- WHAT TO PRODUCE -
For this exercise, output the entries below exactly from the line that holds "If you love" to the line that holds "주간식단표 (2025.12.22 ~ 2025.12.28)", both ends included. No pictures belong in the copy.

── DATA TO EXAMINE

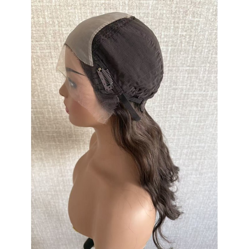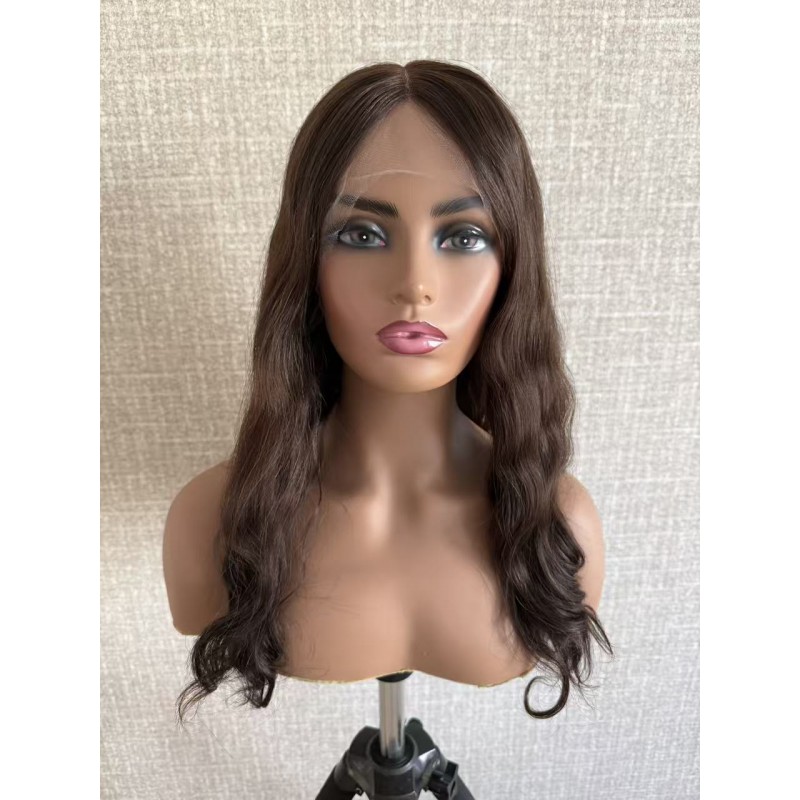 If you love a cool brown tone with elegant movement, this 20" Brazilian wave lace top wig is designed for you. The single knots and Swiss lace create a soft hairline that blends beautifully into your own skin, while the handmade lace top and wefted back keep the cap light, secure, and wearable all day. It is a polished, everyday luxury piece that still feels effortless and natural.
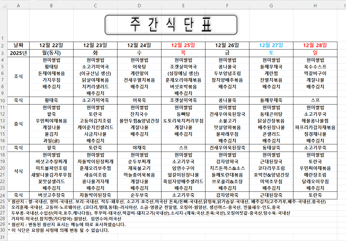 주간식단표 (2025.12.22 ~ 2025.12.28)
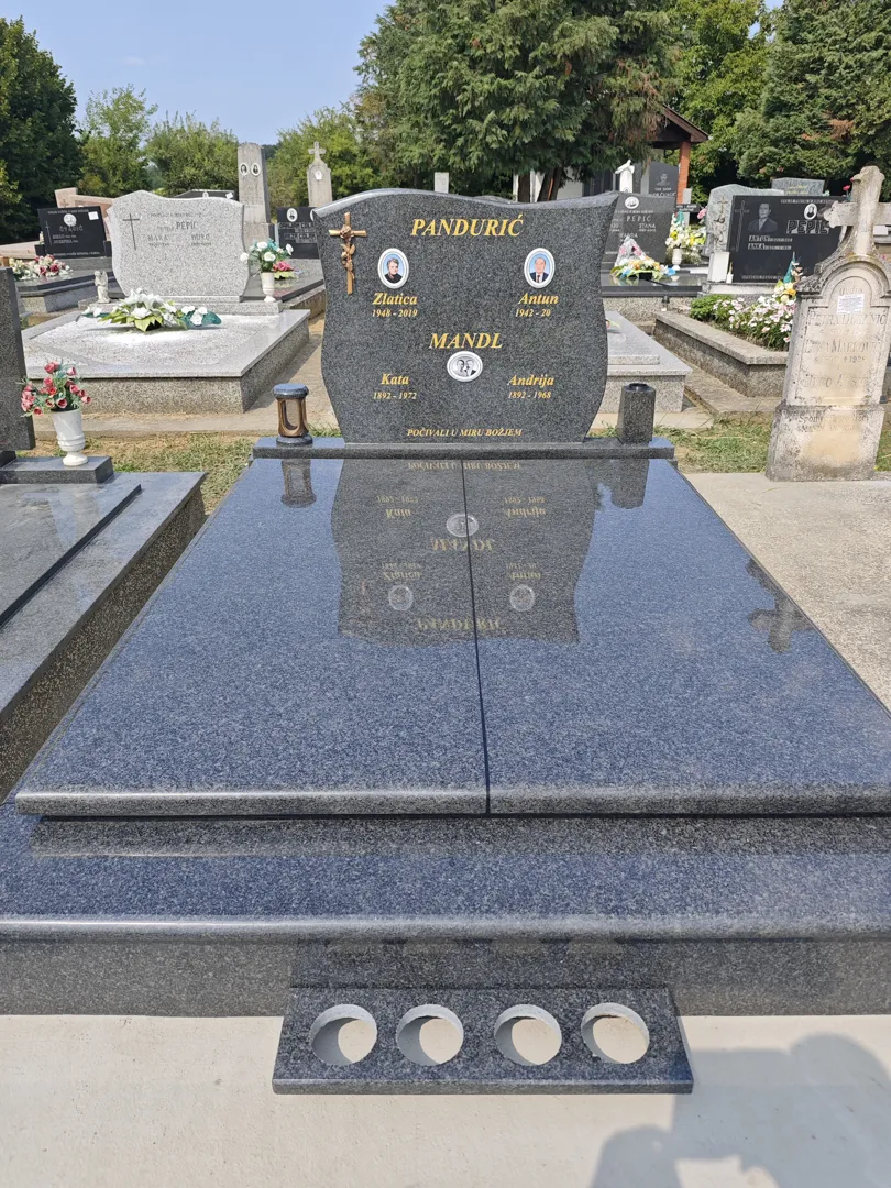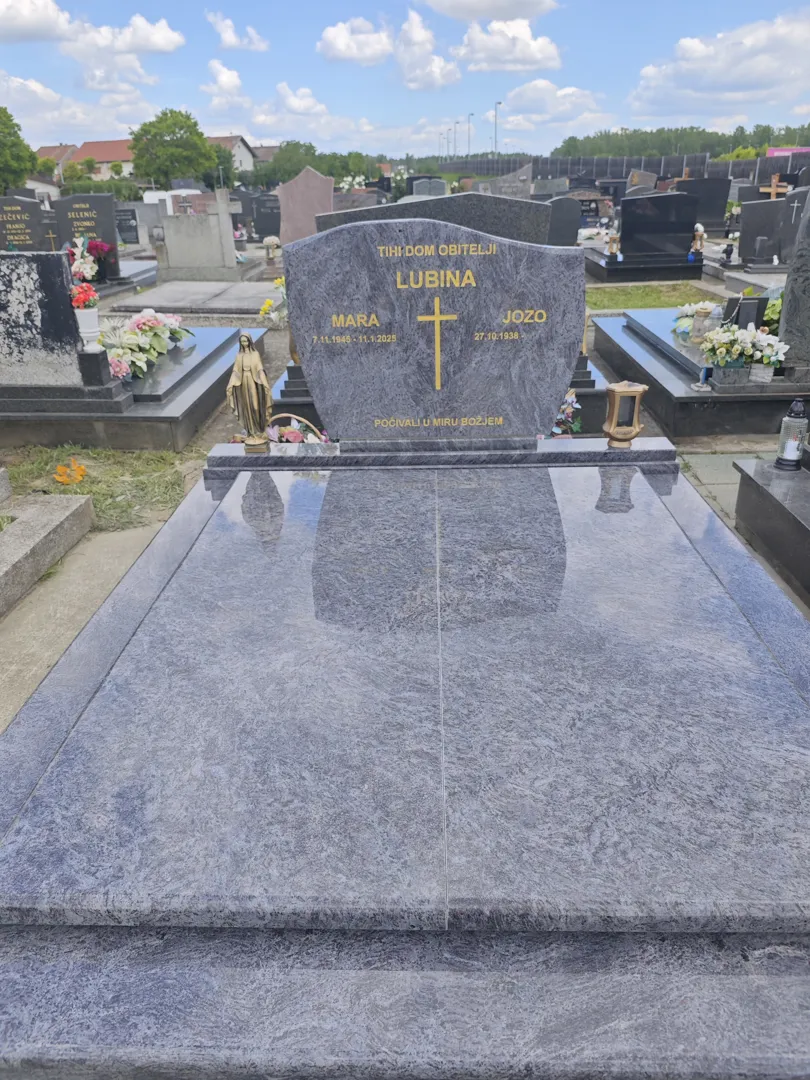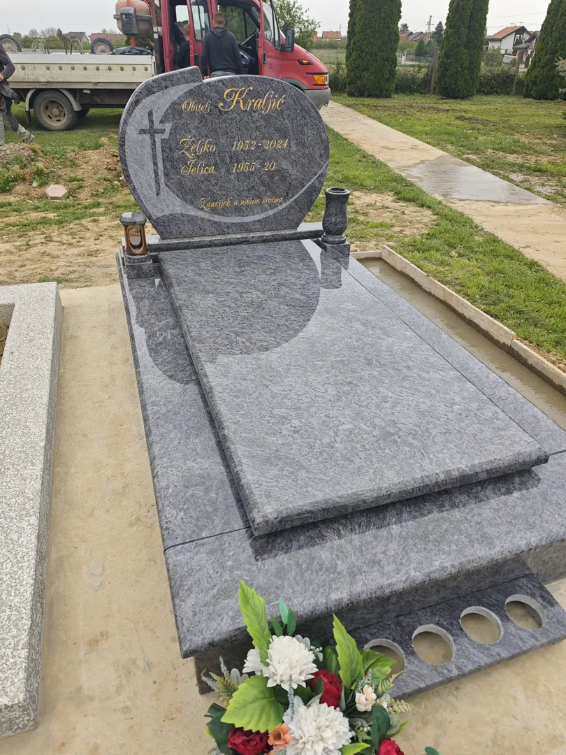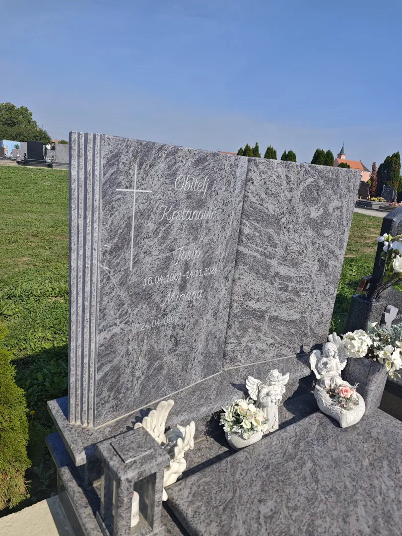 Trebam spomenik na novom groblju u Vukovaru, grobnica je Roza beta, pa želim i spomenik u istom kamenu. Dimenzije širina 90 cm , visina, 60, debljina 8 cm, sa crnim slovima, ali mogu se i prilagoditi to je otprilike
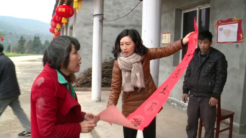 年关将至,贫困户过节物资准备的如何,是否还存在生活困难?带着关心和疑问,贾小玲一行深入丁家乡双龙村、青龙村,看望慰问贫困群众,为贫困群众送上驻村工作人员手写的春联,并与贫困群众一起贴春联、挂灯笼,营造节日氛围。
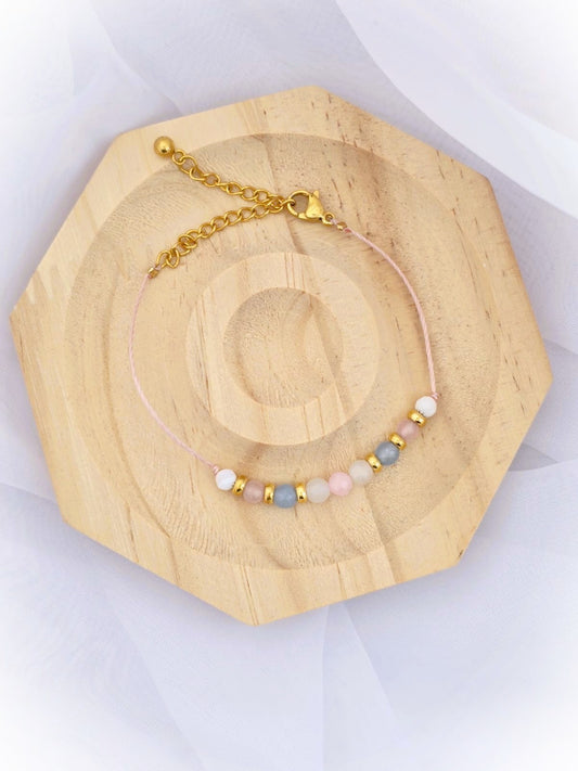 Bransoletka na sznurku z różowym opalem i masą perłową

────
── DATA TO EXAMINE

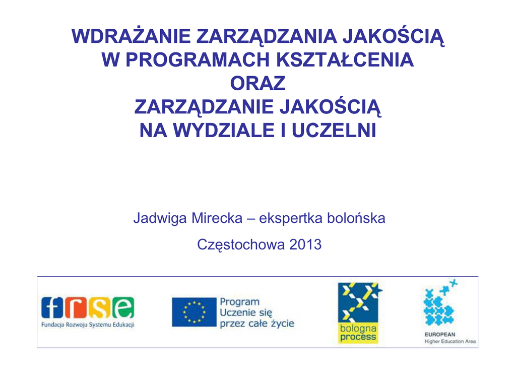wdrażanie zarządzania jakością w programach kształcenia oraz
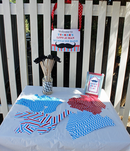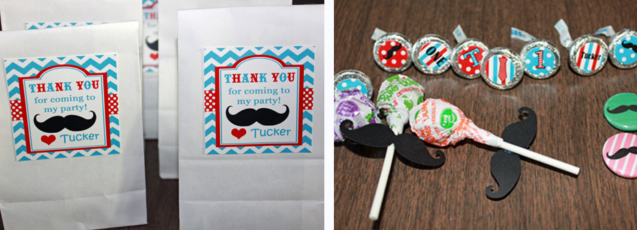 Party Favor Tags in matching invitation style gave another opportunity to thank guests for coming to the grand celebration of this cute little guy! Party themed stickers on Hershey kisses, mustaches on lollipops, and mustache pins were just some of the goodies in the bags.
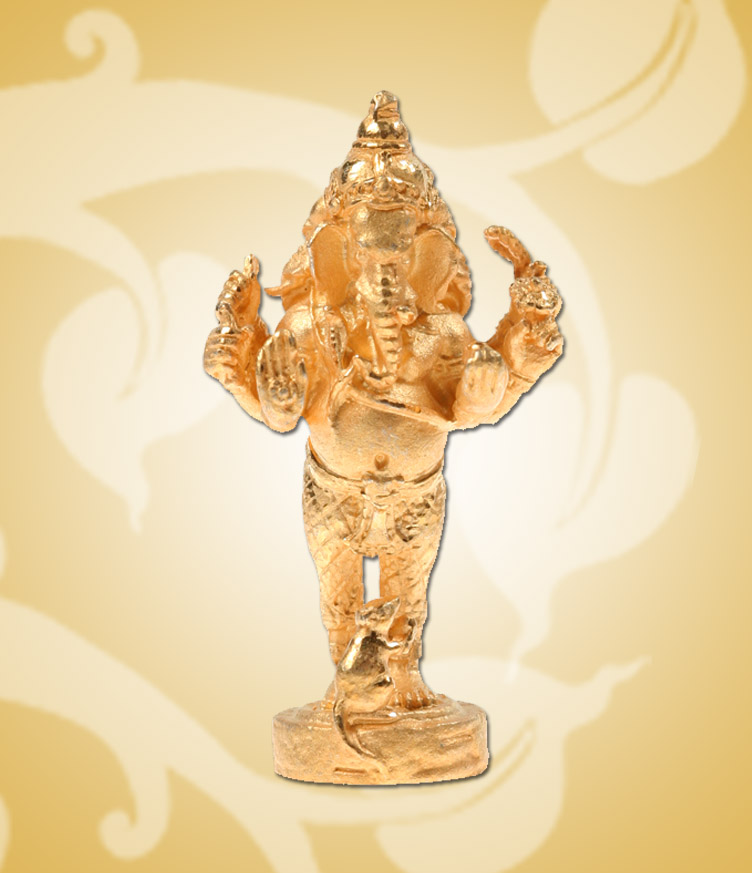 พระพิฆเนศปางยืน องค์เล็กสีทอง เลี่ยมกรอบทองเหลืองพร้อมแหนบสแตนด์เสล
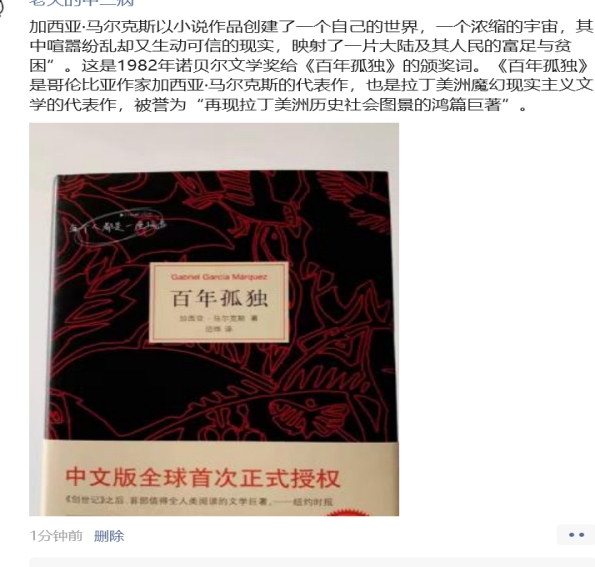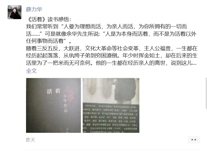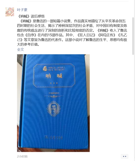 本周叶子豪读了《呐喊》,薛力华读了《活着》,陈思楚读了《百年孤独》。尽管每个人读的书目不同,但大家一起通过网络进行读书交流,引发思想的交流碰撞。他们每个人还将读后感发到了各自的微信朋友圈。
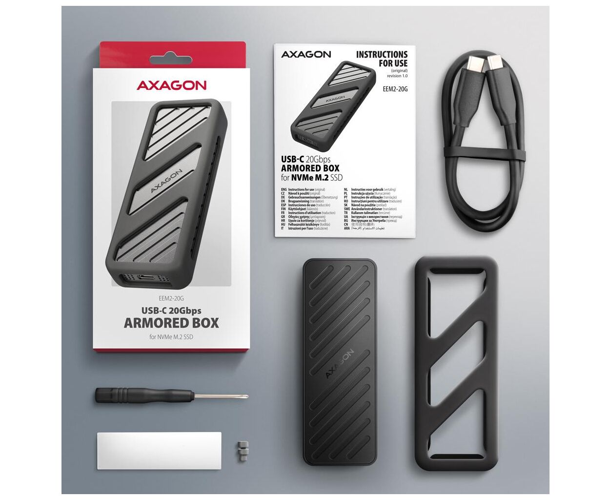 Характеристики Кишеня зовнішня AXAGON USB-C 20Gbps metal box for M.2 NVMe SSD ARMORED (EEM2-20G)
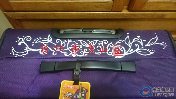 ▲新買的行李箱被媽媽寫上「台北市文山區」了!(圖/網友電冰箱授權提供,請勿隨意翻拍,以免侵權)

────
── DATA TO EXAMINE

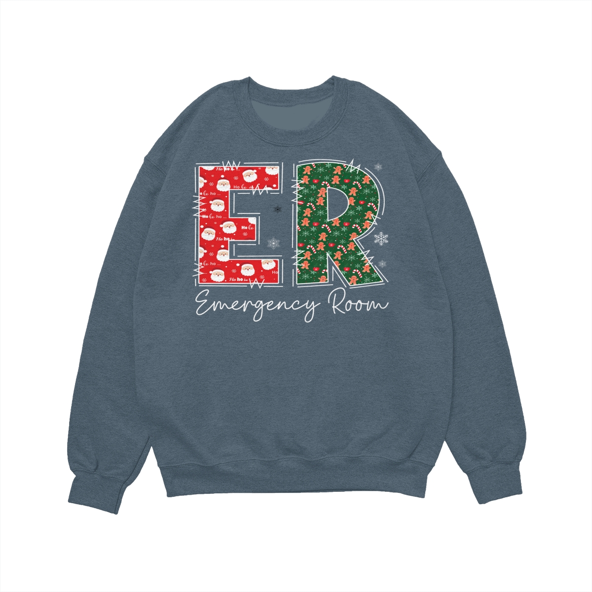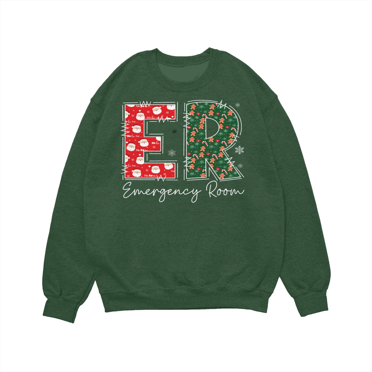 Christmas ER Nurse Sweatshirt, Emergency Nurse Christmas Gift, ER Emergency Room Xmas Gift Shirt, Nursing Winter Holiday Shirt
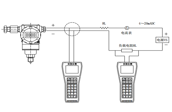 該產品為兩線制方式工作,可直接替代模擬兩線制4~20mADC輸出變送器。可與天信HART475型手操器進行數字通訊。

────

- PROBLEM SOLUTION -
 If you love a cool brown tone with elegant movement, this 20" Brazilian wave lace top wig is designed for you. The single knots and Swiss lace create a soft hairline that blends beautifully into your own skin, while the handmade lace top and wefted back keep the cap light, secure, and wearable all day. It is a polished, everyday luxury piece that still feels effortless and natural.
 주간식단표 (2025.12.22 ~ 2025.12.28)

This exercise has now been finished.